● AIM OF THE EXERCISE: The result should be the full listing copied exactly, with no pictures in it.

● COLLECTED DATA:
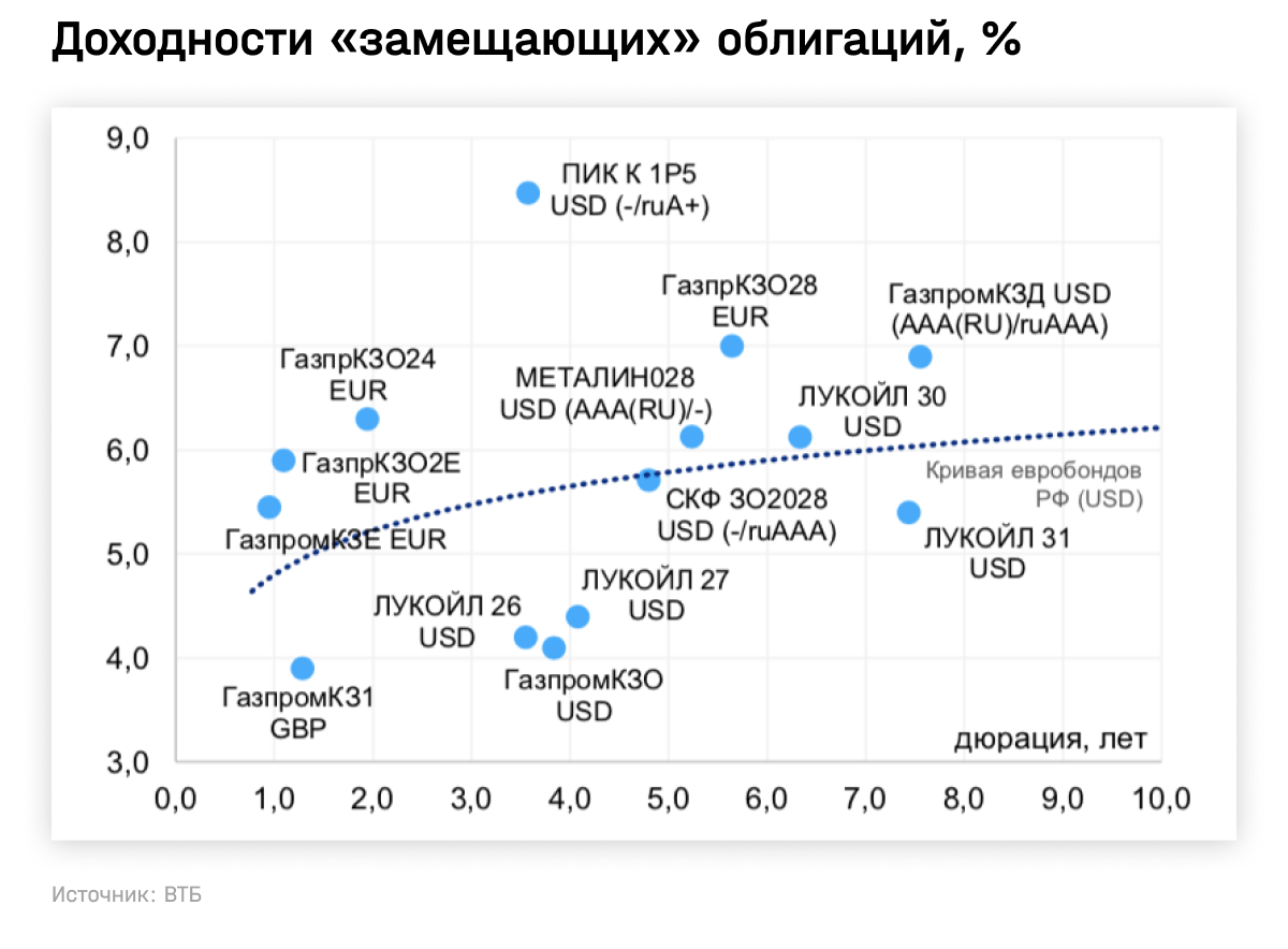 - На вторичном рынке «замещающие» облигации предлагают интересные доходности (~5–8% годовых), что выше околонулевых банковских депозитов и доходностей недавно появившихся локальных облигаций в юанях (~3–4% годовых).
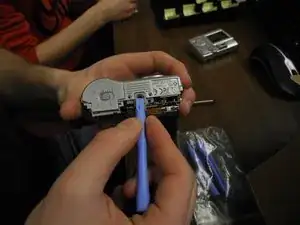 Снимите заднюю крышку камеры; для этого может потребоваться приложить силу.
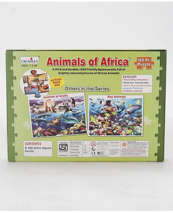 Animals Of Africa Jigsaw Puzzle Multicolour 100 Pieces Features:Specifically designed for children ages 7 & Up years, this puzzle perfect for children & adult.The Puzzle are perfect for quiet time or travel games for kids in car, plane or take out to restaurant or picnic, can easily play at anyplace or anytime. The puzzles for toddlers are great gift choices for a birthday and other holidays.Develops skills like Visual Discrimination, Hand-Eye Coordination, Keen & Accurate Observation , Logical Thinking & Problem SolvingSpecifications:Brand – CreativeType – Jigsaw PuzzleAge – 7 Years+Box Dimensions – L 35.5 x B 25.5 x H 4 cmWeight – 590 g

● WRITTEN REPLY:
 - На вторичном рынке «замещающие» облигации предлагают интересные доходности (~5–8% годовых), что выше околонулевых банковских депозитов и доходностей недавно появившихся локальных облигаций в юанях (~3–4% годовых).
 Снимите заднюю крышку камеры; для этого может потребоваться приложить силу.
 Animals Of Africa Jigsaw Puzzle Multicolour 100 Pieces Features:Specifically designed for children ages 7 & Up years, this puzzle perfect for children & adult.The Puzzle are perfect for quiet time or travel games for kids in car, plane or take out to restaurant or picnic, can easily play at anyplace or anytime. The puzzles for toddlers are great gift choices for a birthday and other holidays.Develops skills like Visual Discrimination, Hand-Eye Coordination, Keen & Accurate Observation , Logical Thinking & Problem SolvingSpecifications:Brand – CreativeType – Jigsaw PuzzleAge – 7 Years+Box Dimensions – L 35.5 x B 25.5 x H 4 cmWeight – 590 g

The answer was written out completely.